The judgment can be read here. We'll update our guidance later this month to reflect the lessons from the judgment.

Learning points:


  • Responses must comply with FOI
    In Decision 203/2018, a public authority belatedly relied upon the EIRs exception for incomplete or unfinished information, although this was contradicted by previous statements and although the authority later confirmed that the information had not been amended after the request was received. We concluded that disclosure had been delayed for no apparent reason. We criticised the "business as usual" approach to the requests, which did not give due consideration to the requester's legal rights, and recommended that staff training be carried out.


  • Charging for environmental information
    Decision 201/2018 is a useful summary of all the points to consider when charging for environmental information. In this case, the authority got it right.


  • Repeated/vexatious requests and the passage of time
    Decision 204/2018 considers a request which was very similar to a request from the same person made some years ago. At that time, we agreed that the information was exempt from disclosure. The authority decided that the newrequest was both vexatious and repeated. It argued that the information was the same, and would not have changed. However, we disagreed: during the years that had passed, new information could have come to light; some information may no longer be held; or the balance of the public interest may have changed.


Decisions issued:


  • Decision 198/2018 Mr C and the Chief Constable of the Police Service of Scotland
    Police Scotland were asked about officers who were present at the requester's address on a named date. Police Scotland refused to confirm or deny whether the information existed or was held by them. We accepted this response, in the circumstances of this case.


  • Decision 201/2018 Mrs N and Glasgow City Council
    Mrs N asked for a range of information about a planning application. The Council issued a fees notice, which Mrs N challenged. After investigation, we found that the Council was entitled to issue a fees notice and that the amount charged was reasonable.


  • Decision 202/2018 Mr T and the Scottish Ministers
    The Ministers were asked about the Scottish Government's decision not to order an inquiry into undercover policing in Scotland.
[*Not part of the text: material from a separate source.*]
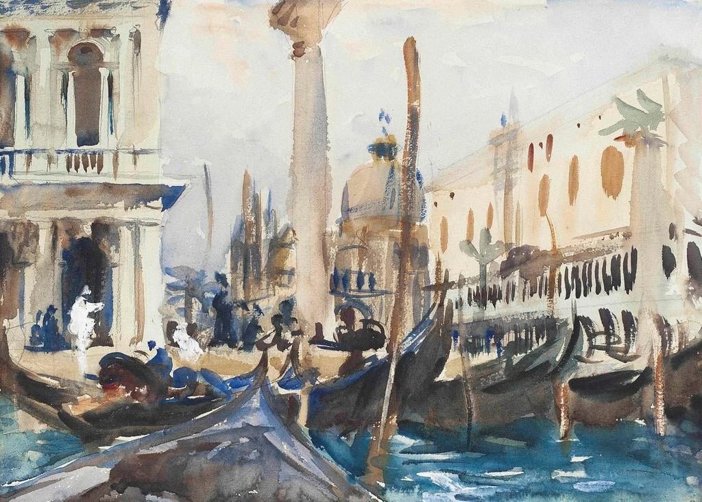 John Singer Sargent, geboren in 1856 in Florence, was een Amerikaanse kunstenaar van Italiaanse afkomst, beroemd om zijn portretten en landschappen. Werkend aan het einde van de 19e en het begin van de 20e eeuw, wist hij de geest van zijn tijd vast te leggen, waarbij hij Europese en Amerikaanse invloeden combineerde. Sargent werd opgeleid aan de Académie Julian in Parijs, waar hij een unieke stijl ontwikkelde, die realisme en impressionisme combineert. Zijn werk, rijk aan details en emoties, maakte hem een van de meest gewilde kunstenaars van zijn tijd, en "De Piazzetta met Gondels" getuigt van zijn vermogen om de schoonheid van plaatsen en mensen te vereeuwigen.
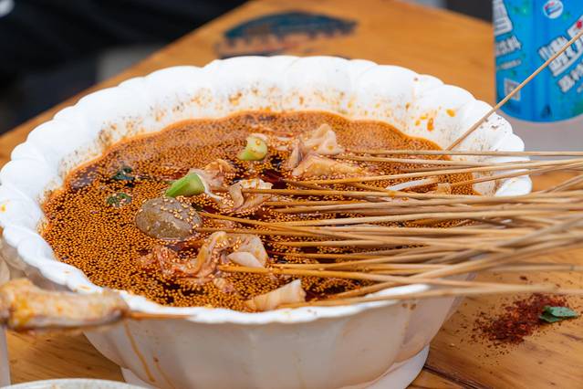 乐山市市中区,同时也是美食之都。听成都的好朋友调侃道,“外地人到成都吃而成都人到乐山吃”,足以见得乐山市市中区的美食有多好吃。跷脚牛肉、钵钵鸡、临江鳝丝、甜皮鸭、豆腐脑、咔饼、麻辣烫串串香、怪味土豆、乐山烧烤、乐山烧麦、油炸、冰粉、凉糕、绵绵冰等美食,数不胜数。乐山市市中区的张公桥好吃街、上中顺商业街区、东大街、嘉兴路美食街、宝马美食街等,整座城市分布着各式各样的美食街。烟火气十足的嘉州,满足着八方食客的味蕾。

They withheld information under a number of exemptions, including the FOI exemption protecting information which relates to the formulation or development of government policy (section 29(1)(a)). At review, the Ministers were asked to reconsider their reliance on section 29(1)(a) but other exemptions were not challenged.

    Following the appeal to the Commissioner, the Ministers disclosed some information but applied new exemptions to information previously withheld under section 29(1)(a). We found that the Ministers should have provided the disclosed information when responding to the request, and ordered them to carry out a new review of their handling of the request.


  • Decision 203/2018 Salmon and Trout Conservation Scotland and the Scottish Ministers
    The Ministers were asked for two inspection reports about fish escapes from a fish farm at Scadabay in 2016.
    We did not accept the Ministers' view that the information was unfinished or incomplete, and found it had been wrongly withheld. We also found that the issues raised by the handling of this case indicated that staff training was required.


  • Decision 204/2018 Mr N and the Chief Constable of the Police Service of Scotland
    Mr N asked about the movements of a named person. Police Scotland considered the request to be vexatious. They refused to carry out a review on the basis that it was a repeat request. After investigation, we found that the request was not vexatious or repeated. Significant time had passed since the first request and circumstances could have changed. We required Police Scotland to carry out a review and respond differently.